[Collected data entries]
++++++++++
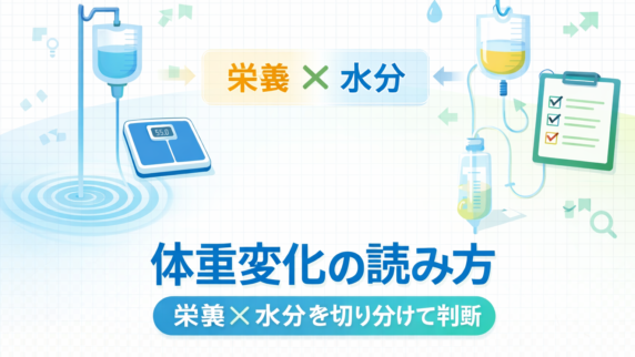 体重は栄養だけでなく水分・排泄・治療(点滴/利尿)で動きます。%体重変化の見方、短期変動=水分の可能性、浮腫/脱水の確認ポイントと記録のコツを整理します。
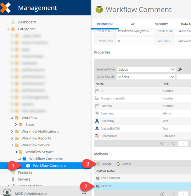 - Navigate to the Workflow Comments SmartObject, located in Workflow Service > Workflow Service > Workflow Comment and Execute the Get List method. Enter the value of the Process Instance ID that you made a note of the previous step.
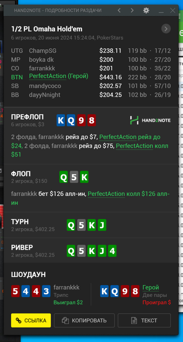 Недавно произошло то самое принятие диспы в омахе после встречи с еще одним таким же везунчиком и длительного разговора обо всем ) Саня привет ! Стало как-то спокойно и одновременно все равно на результат, цель одна - как можно больше правильных решений и как можно больше отыгранных рук. Винрейтами меряться можно в апсвинге, но в большинстве своем все это фикция, потому что мерять результат даже по ЕВ без миллионов отыгранных раздач бессмысленно, можно только наблюдать тенденцию. Можно прилично сократить диспу играя коротким стеком и об этом я задумаюсь пройдя путь чуть выше.
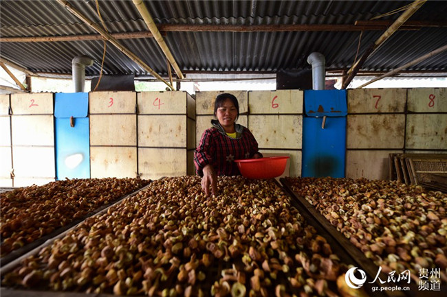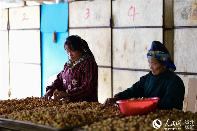 10月10日,村民在貴州省黔東南苗族侗族自治州丹寨縣排調(diào)鎮(zhèn)也改村姬松茸種植基地烘烤房篩選烘干的姬松茸。楊武魁 攝
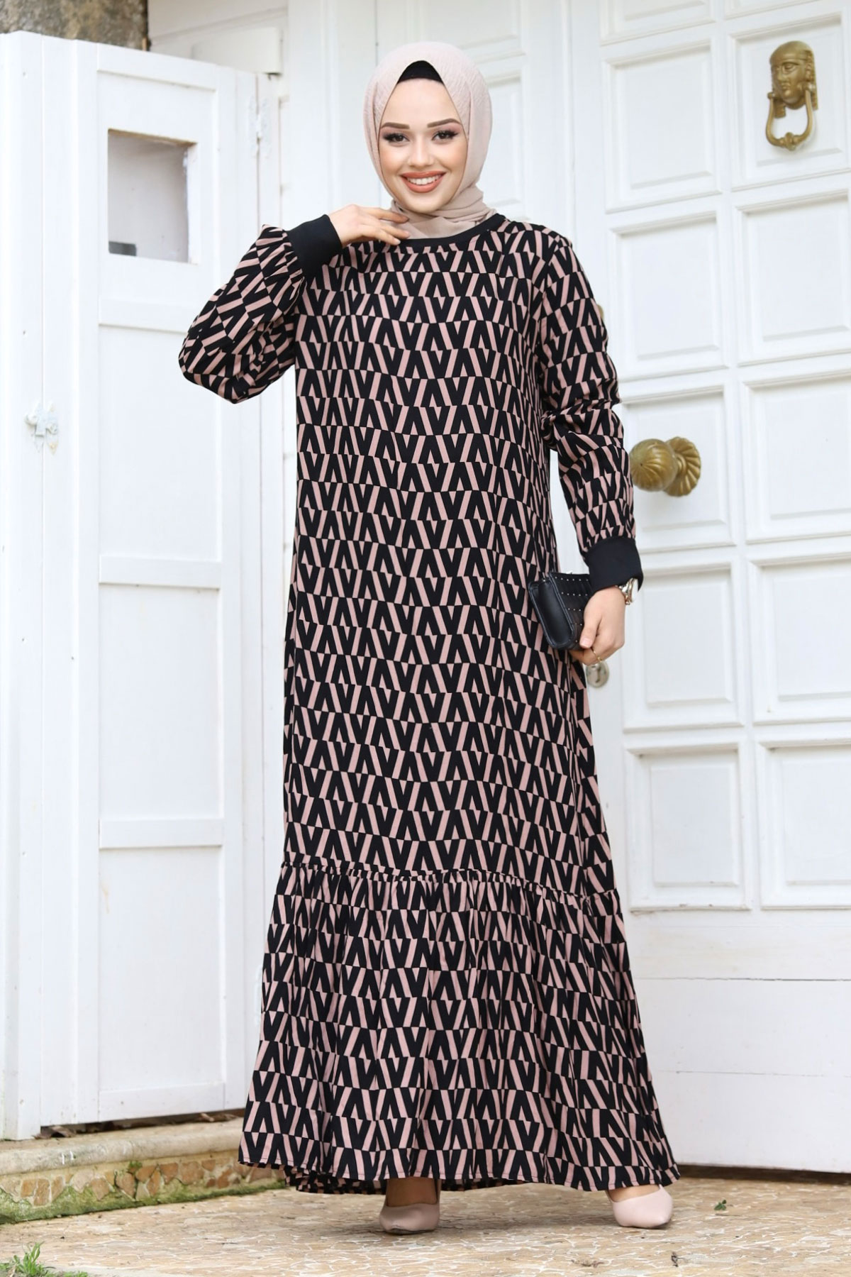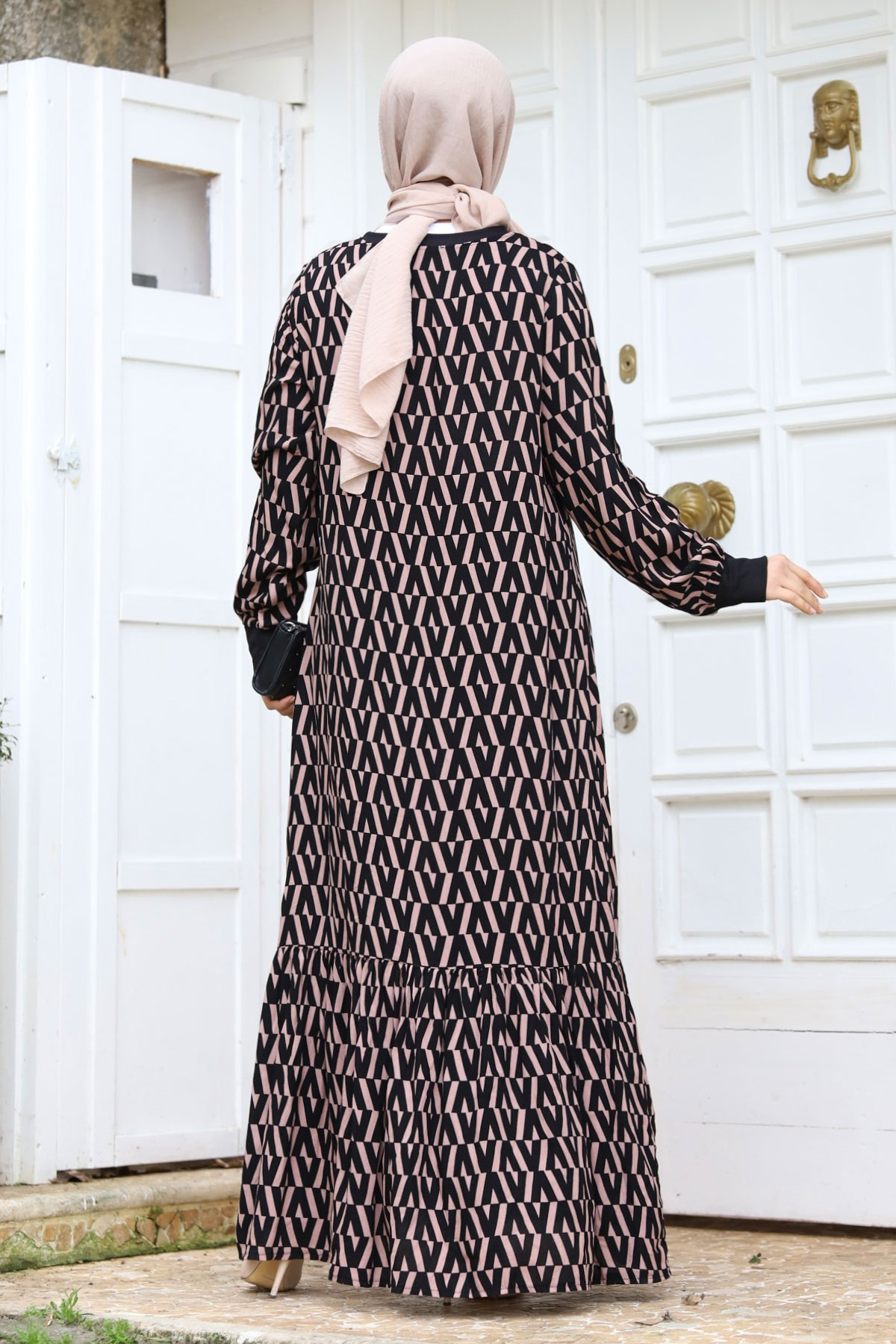 Zikzak Desenli Eteği Volanlı Elbise TSD240237 Vizon
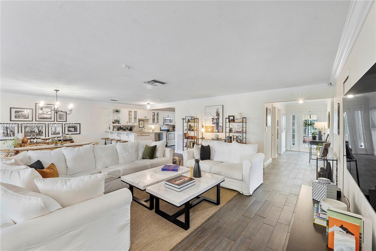 Renovated 3 bed, 3 bath townhome nestled beautifully on the Country Club of Miami Golf Course. This open concept townhome boasts complete impact windows + doors, an oversized primary bedroom with a large walk-in closet, a private ensuite bathroom in each bedroom, a lovely sunroom with plenty of natural light, a dedicated laundry room, and new light fixtures + ceiling fans. Step through impressive French doors to your backyard patio overlooking serene golf course views, perfect for entertaining. The courtyard entrance adds extra privacy and is an ideal opportunity to create a lush gardenscape right at your front door. Roof re-sealed 2023 and attic insulated 2024. Ample garage space provides plenty of additional storage. Enjoy the community's tennis and basketball court amenities.
++++++++++
● **EXERCISE BRIEF**: Skipping every picture, reproduce the records word for word.

● **THE ANSWER**:
 体重は栄養だけでなく水分・排泄・治療(点滴/利尿)で動きます。%体重変化の見方、短期変動=水分の可能性、浮腫/脱水の確認ポイントと記録のコツを整理します。
 - Navigate to the Workflow Comments SmartObject, located in Workflow Service > Workflow Service > Workflow Comment and Execute the Get List method. Enter the value of the Process Instance ID that you made a note of the previous step.
 Недавно произошло то самое принятие диспы в омахе после встречи с еще одним таким же везунчиком и длительного разговора обо всем ) Саня привет ! Стало как-то спокойно и одновременно все равно на результат, цель одна - как можно больше правильных решений и как можно больше отыгранных рук. Винрейтами меряться можно в апсвинге, но в большинстве своем все это фикция, потому что мерять результат даже по ЕВ без миллионов отыгранных раздач бессмысленно, можно только наблюдать тенденцию. Можно прилично сократить диспу играя коротким стеком и об этом я задумаюсь пройдя путь чуть выше.
 10月10日,村民在貴州省黔東南苗族侗族自治州丹寨縣排調(diào)鎮(zhèn)也改村姬松茸種植基地烘烤房篩選烘干的姬松茸。楊武魁 攝
 Zikzak Desenli Eteği Volanlı Elbise TSD240237 Vizon
 Renovated 3 bed, 3 bath townhome nestled beautifully on the Country Club of Miami Golf Course. This open concept townhome boasts complete impact windows + doors, an oversized primary bedroom with a large walk-in closet, a private ensuite bathroom in each bedroom, a lovely sunroom with plenty of natural light, a dedicated laundry room, and new light fixtures + ceiling fans. Step through impressive French doors to your backyard patio overlooking serene golf course views, perfect for entertaining. The courtyard entrance adds extra privacy and is an ideal opportunity to create a lush gardenscape right at your front door. Roof re-sealed 2023 and attic insulated 2024. Ample garage space provides plenty of additional storage. Enjoy the community's tennis and basketball court amenities.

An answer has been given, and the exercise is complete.